PROBLEM DETAILS
Set down, word for word, every line of the material below from the one containing "Extraterrestrial Alien Being" through the one containing "活动伊始,各团支部代表依次上", but none of its pictures.

SOURCE DATA
━━━━━━━━━━

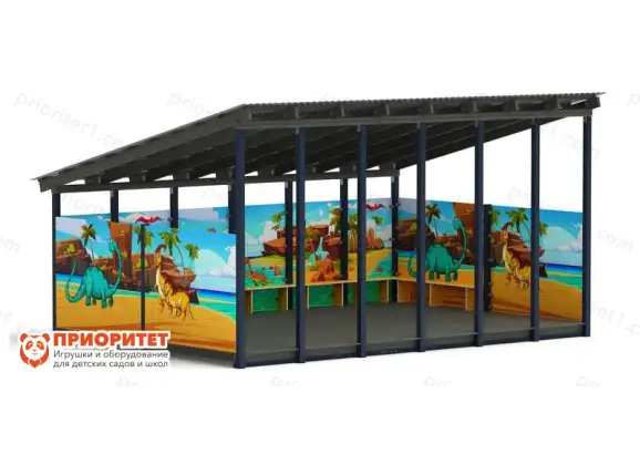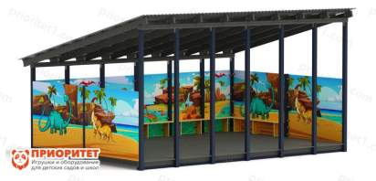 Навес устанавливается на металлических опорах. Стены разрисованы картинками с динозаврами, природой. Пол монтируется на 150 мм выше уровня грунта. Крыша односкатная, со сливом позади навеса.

━━━━━━━━━━

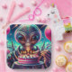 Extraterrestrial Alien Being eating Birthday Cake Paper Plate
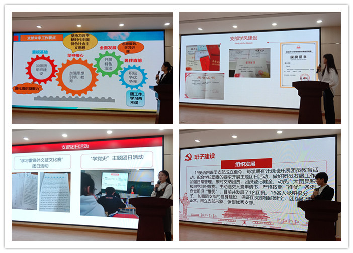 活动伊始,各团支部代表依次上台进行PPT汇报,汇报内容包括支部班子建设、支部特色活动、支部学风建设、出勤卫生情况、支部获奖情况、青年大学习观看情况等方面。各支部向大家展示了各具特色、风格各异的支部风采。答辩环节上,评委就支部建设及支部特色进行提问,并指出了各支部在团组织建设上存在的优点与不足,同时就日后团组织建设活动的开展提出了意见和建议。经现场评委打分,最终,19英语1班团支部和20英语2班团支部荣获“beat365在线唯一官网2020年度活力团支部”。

━━━━━━━━━━

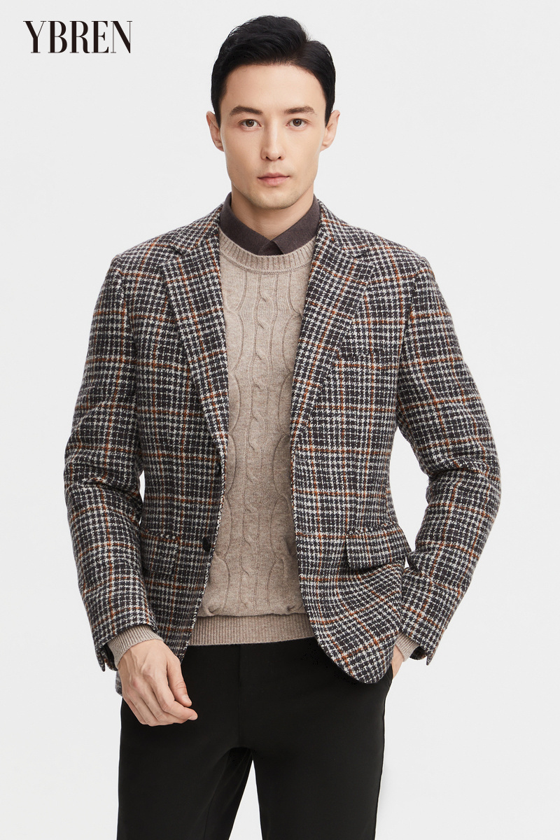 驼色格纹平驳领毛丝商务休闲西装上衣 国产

━━━━━━━━━━

ANSWER BOX
 Extraterrestrial Alien Being eating Birthday Cake Paper Plate
 活动伊始,各团支部代表依次上台进行PPT汇报,汇报内容包括支部班子建设、支部特色活动、支部学风建设、出勤卫生情况、支部获奖情况、青年大学习观看情况等方面。各支部向大家展示了各具特色、风格各异的支部风采。答辩环节上,评委就支部建设及支部特色进行提问,并指出了各支部在团组织建设上存在的优点与不足,同时就日后团组织建设活动的开展提出了意见和建议。经现场评委打分,最终,19英语1班团支部和20英语2班团支部荣获“beat365在线唯一官网2020年度活力团支部”。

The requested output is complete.